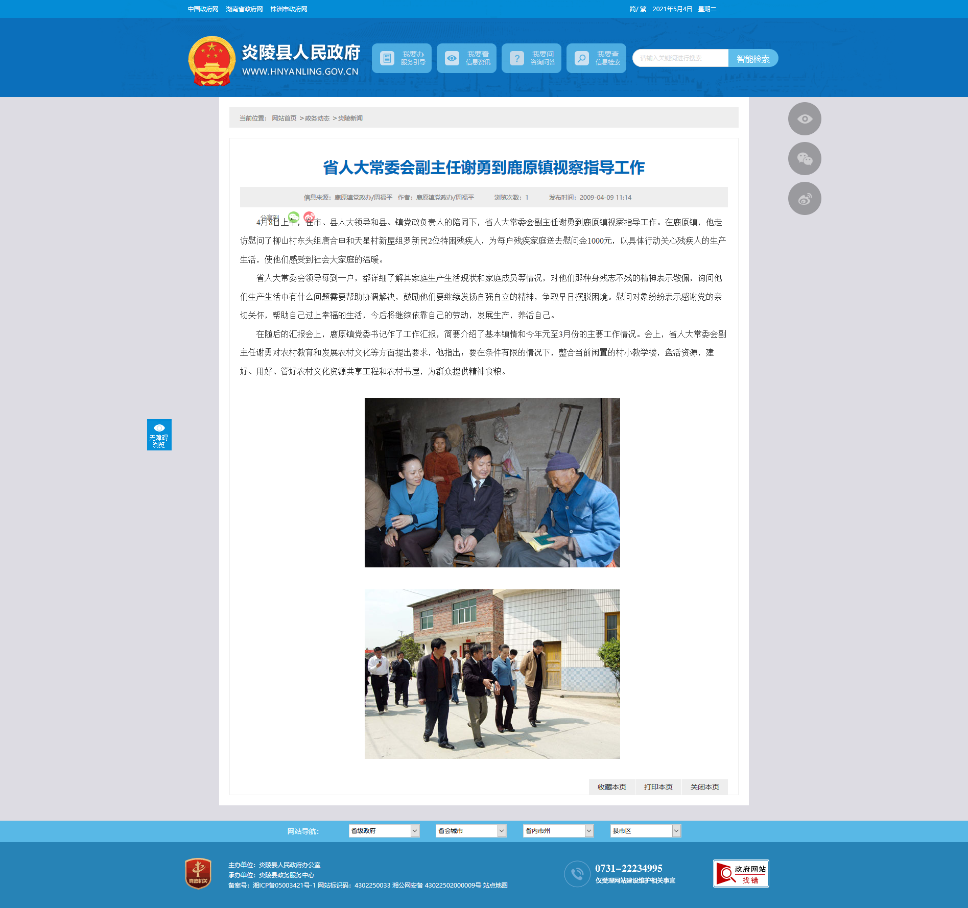 4月8日上午,在市、县人大领导和县、镇党政负责人的陪同下,省人大常委会副主任谢勇到鹿原镇视察指导工作。在鹿原镇,他走访慰问了柳山村东头组唐合申和天星村新屋组罗新民2位特困残疾人,为每户残疾家庭送去慰问金1000元,以具体行动关心残疾人的生产生活,使他们感受到社会大家庭的温暖。
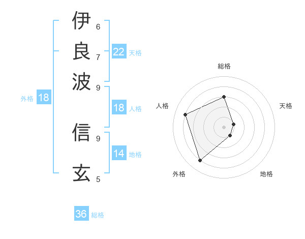 伊良波 信玄さんを姓名の画数から五運を鑑定
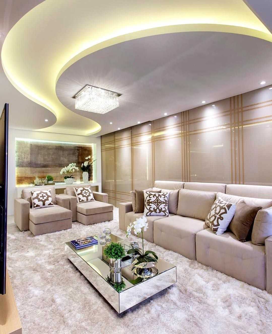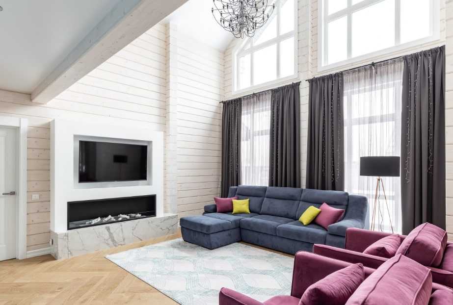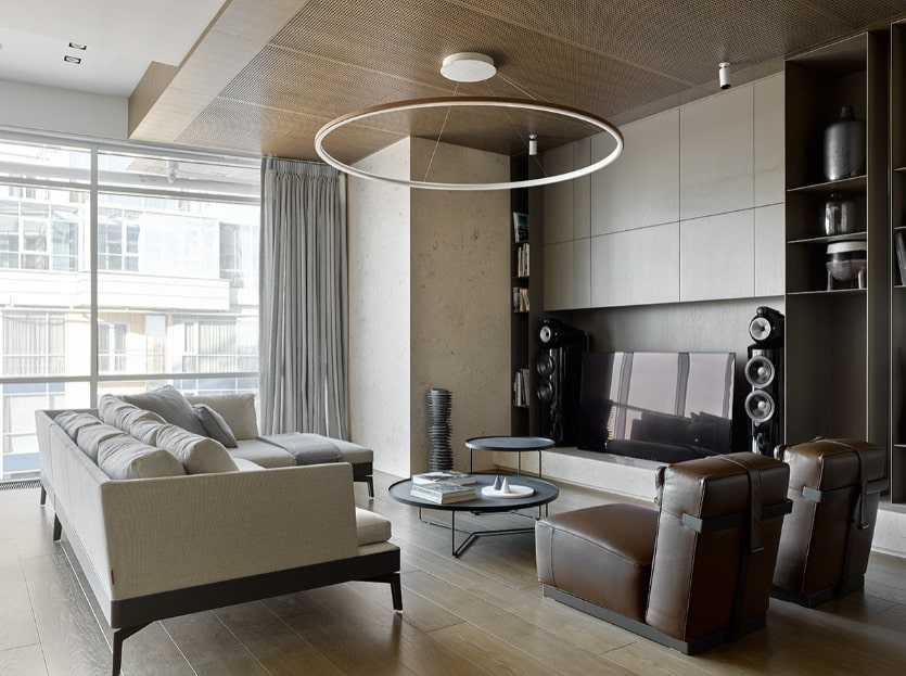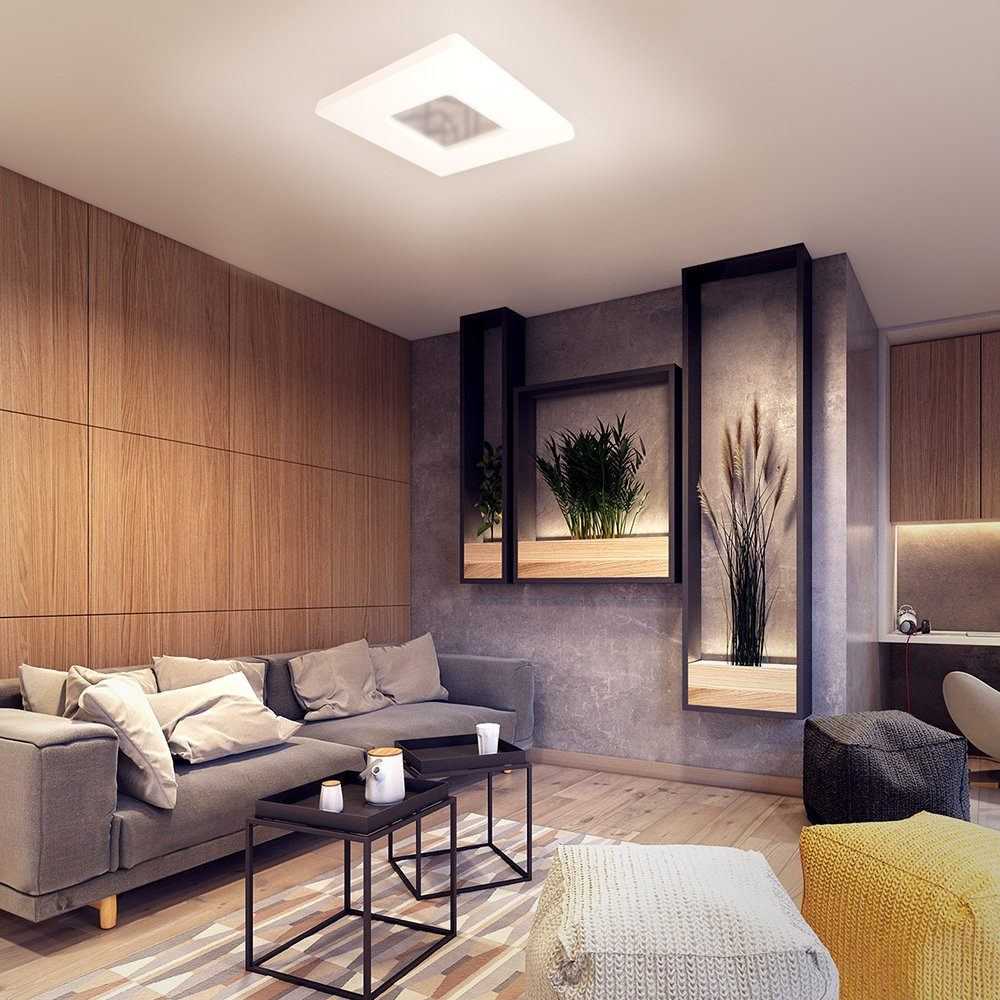 В дизайне гостиной потолок играет ключевую роль. Для отделки можно использовать самые простые варианты:
- - - -
• TASK OBJECTIVE:
Everything in the listing above must be restated word for word, except the images.

• SOLUTION TO THE PROBLEM:
 4月8日上午,在市、县人大领导和县、镇党政负责人的陪同下,省人大常委会副主任谢勇到鹿原镇视察指导工作。在鹿原镇,他走访慰问了柳山村东头组唐合申和天星村新屋组罗新民2位特困残疾人,为每户残疾家庭送去慰问金1000元,以具体行动关心残疾人的生产生活,使他们感受到社会大家庭的温暖。
 伊良波 信玄さんを姓名の画数から五運を鑑定
 В дизайне гостиной потолок играет ключевую роль. Для отделки можно использовать самые простые варианты:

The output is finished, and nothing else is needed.